Содержание
«Военная Литература»
Военная история

Комбриг Л. Говоров.

На Каховском плацдарме

Вечером в воде вспыхнули отражения костров, пылавших по обеим сторонам Днепра. У понтонного моста чернеет орудие, прикрытое брезентом. Около орудия — группа командиров-артиллеристов прославленной 51-й дивизии.

Пять тысяч верст — от Ангары до Днепра — проделали бойцы и командиры этой дивизии.

После разгрома Колчака они почти немедленно были отправлены на Южный фронт. Сибирские партизаны и уральские рабочие выступили против отборных офицерских частей Врангеля.

С первых же боев белые почувствовали силу доблести дивизии. Подстать стальным полкам дивизии была ее артиллерия. О ее мощь, сноровку и революционную отвагу разбивались многие натиски белых.

Генерал Слащев комплектовал новые соединения, подвижные и грозные, — конницу, подкрепленную бронемашинами. То и дело прорывалась эта броневая кавалерия через линию фронта, готовая жечь и громить. Но каждый раз белая кавалерия наталкивалась на красную артиллерию, которая своим огнем уничтожала врага.

У деревни Серотозы врангелевекий конный полк и бронемашины прорываются сквозь фронт. Они скачут по степному простору, неся смерть и разрушение. Вот надвигаются они на батарею 3-го дивизиона. Хриплое «ура» и грохот французских бронеавтомобилей заглушают залпы красной батареи. Оставляя горы трупов, врангелевцы добираются до одного орудия и успевают изрубить его расчет. Ни одного сдавшегося, ни одного пленного. Артиллеристы отбиваются до последнего снаряда, до последней, для себя оставленной пули.
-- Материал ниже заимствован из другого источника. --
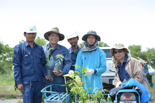 กิจกรรมด้านสิ่งแวดล้อม - ผู้จัดการและพนักงานของ บริษัท เกลือพิมาย จำกัด ร่วมกับผู้นำชุมชนท้องถิ่นของ อ. พิมายได้ปลูกต้นไม้ (500 ต้น) เพื่อเพิ่มพื้นที่สีเขียวบนพื้นดินเค็มของเกลือพิมาย เนื่องในโอกาสวันสิ่งแวดล้อมโลก 5 มิถุนายน 2015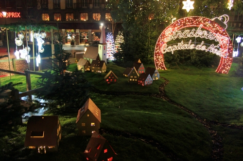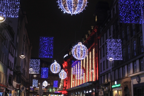 夜になると昼間の可愛らしい雰囲気とはまた違う、幻想的な街並みに。街のあちこちに設置されている小型の移動遊園地もライトアップされて、ちょっとしたお祭りのような賑やかさです。クレベール広場にあるフランスの大型百貨店、ギャラリーラファイエットももちろんクリスマス仕様。入り口正面には大きなツリーが飾られていて迫力も抜群です。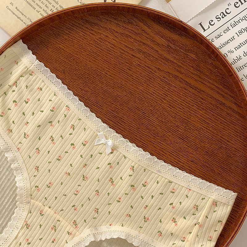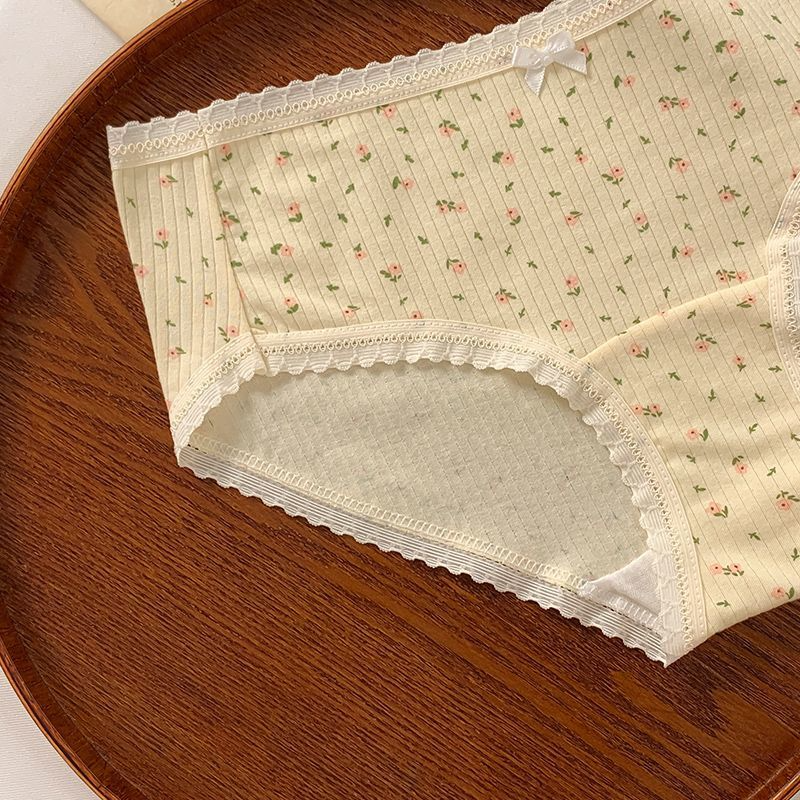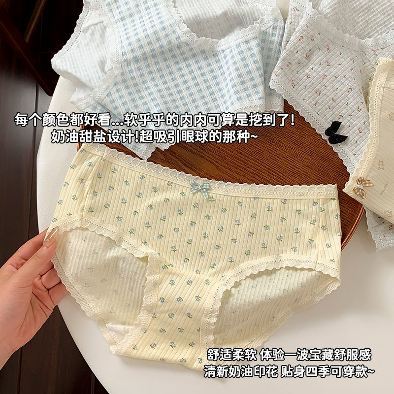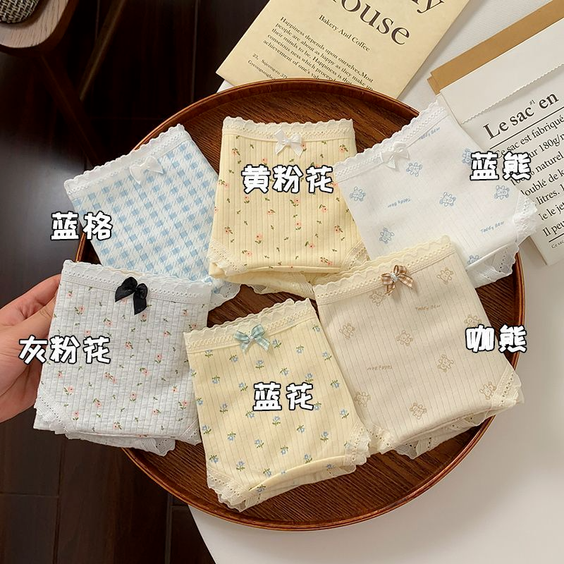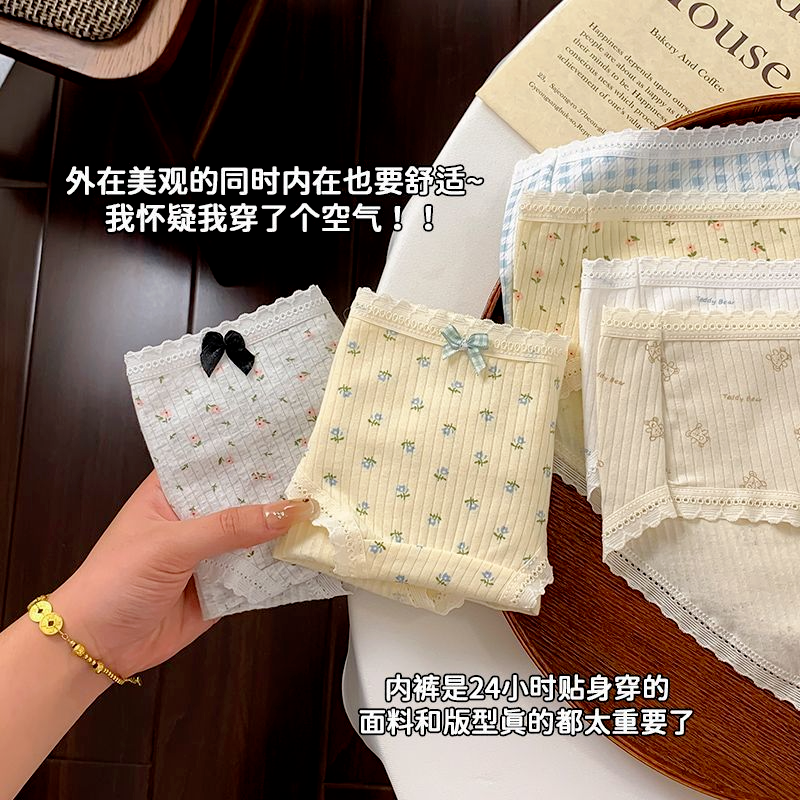 甜美碎花10A抑菌内裤女纯棉三角裤2025新款蝴蝶结纯欲短裤

Соседние орудия успевают отскочить. Броневики кидаются на батарею, их башни повертываются к ней, готовые залить ее свинцом. Но красные артиллеристы и не думают убегать. Они лишь отскочили в сторону и с хода, мгновенно, молниеносно, развертываются, открывают бешеный огонь: шрапнель по кавалерии, гранаты по броневикам. Врангелевцы поспешно повертывают во-свояси, дорога завалена телами, печально стоит подбитый броневик «Генерал Корнилов».

Блестящей операцией Красной армии явилась переправа через Днепр.

Форсировать Днепр было нелегко. Белогвардейские орудия держали под обстрелом всю широкую и открытую долину от Бериславля до Каховки. Чтобы овладеть переправой, надо было в первую голову подавить орудия противника. Красные артиллеристы с честью справились с этой задачей. Поговорили крупно с белыми батареями, и, видно, не понравился им этот разговор — замолкли, перестали отвечать. Наша артиллерия тогда на береговые пулеметы навалилась.

Переправа через Днепр была проведена блестяще. Наши части прочно закрепились на левом берегу.

Врангель чуял, что, если его загонят в Крым, он окажется там, как лиса в норе, — из нее выкурят, сбросят в море. И белогвардейские стратеги попытались собрать все свои силы, чтобы выйти подальше за пределы полуострова. Щупальцы Врангеля уже начали было высовываться за Тавриду, они вплотную подбирались к Донбассу и, что еще опаснее, проникали на запад, где могли соединиться с панской Польшей. Сталин противопоставил ихменническим действиям Троцкого свой план, прямой и целеустремленный: переправа через Днепр, закрепление на Каховском плацдарме — и затем решительный удар по последышу вооруженной контрреволюции.

* * *

Темная южная ночь нависла над степью. Угасают костры. Засыпают люди. Тишину нарушают только одиночные далекие выстрелы, да какой-то мерный гул, который [212] доносится из расположения противника. Он похож на прибой, но нет, это не прибой — до моря отсюда еще далеко. Он похож на звук самолетных моторов, но ведь по ночам не летают. Что же это такое? — спрашивают дежурные укрепленного района. Из штаба один за другим выходят озабоченные ординарцы, командиры, комиссары. Связисты спешно разматывают катушки, прокладывая новые линии. Неумолчно стучит телеграф, командование дивизии жадно хватает бумажные ленты, выползающие из аппарата.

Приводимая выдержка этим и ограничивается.